Four datasets were used for this analysis, containing information about all properties listed in the platform and located in Portugal, booking activities (which includes Accepted Bookings, Blocked Bookings and Cancelled/Unanswered bookings), monthly details for each property’s bookings (revenue, occupancy rate and number of bookings) and Public Reviews’ information associated to basic user information (review text, non standardized customer’s country of origin and job). However, it is not possible to link a public review with the corresponding booking.
As the platform continues to grow exponentially in users and number of listings, it represents a major pillar of the tourism industry. Airbnb, allied with the continuously decreasing costs of mobility and Information and Communication Technologies, have allowed individuals with a lower income to contribute to this industry as a low cost segment. A study conducted by Bankwest Curtin Economics Centre: “The Impact of Airbnb on Western Australia’s Tourism” (October 2017, page 67-68) suggests that tourists (Holidaymakers) using Airbnb spend on average less in most categories when compared to non-Airbnb users, especially food & accommodation (≈ -880 AUD) and transportation (≈ -270 AUD).

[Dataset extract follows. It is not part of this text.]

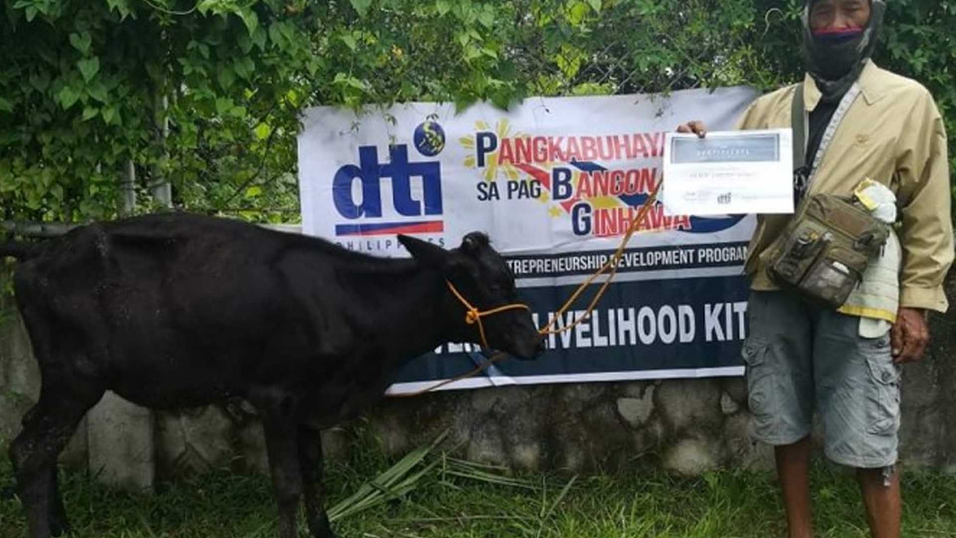 The livelihood kits, costing from PHP7,500 to PHP10,000 each, included goat and cattle dispersal and “sari-sari” store start-ups, but these were given either in kind or through a voucher that a beneficiary would have to claim from a DTI-accredited outlet.

Although Airbnb data can provide valuable information, a few limitations to this study must be pointed out beforehand. It is impossible to assess whether the reviews data is accurate, given that Airbnb's accuracy in their own data is not certain. Furthermore, Airbnb's reviews can be either public or private. As we are only using publicly available data, we do not have access to user data that left a private review, or no review at all. So, we are analysing user profiles that represent about 10% of the total bookings (≈ 1.2 million public reviews) that were actually completed. Although the user data sample extracted from the overall reviews was not randomly generated, it is highly representative. The number of total completed bookings made between September 1st 2014 and December 31st 2017 is 11.550 million Bookings which implies a minimum sample size of 16564 for a 99% confidence level and 1% margin of error. As our dataset has a depth of 1.2 million observations, it is statistically significant (although, we cannot conclude that it is an unbiased sample, as it was not randomly selected).
A second limitation would be the accuracy of data scraped by the data provider, AirDNA. In these datasets, some of the data is not very consistent. For instance, in these datasets the variables regarding monetary value (Daily rates, listing monthly incomes, etc.) are not always directly convertible between USD currency and native currency (euros), where it was found that in these situations variables with USD currency turned out to be more trustworthy than native currency. Same inconsistency applies to variables such as Booked Date, where in situations that the booking was completed this field was still left blank. Aside from these type of situations, some clear outliers were found, as is the case of some bookings that exceeded the price of $100 000 (with a maximum value of $540 954).
Finally, in this analysis the following questions will be addressed:
- Who is booking Airbnb rooms in Portugal? (Profiling)
- Where do they choose to stay? (Geographic analysis)
- When do they do it? (Time Series analysis)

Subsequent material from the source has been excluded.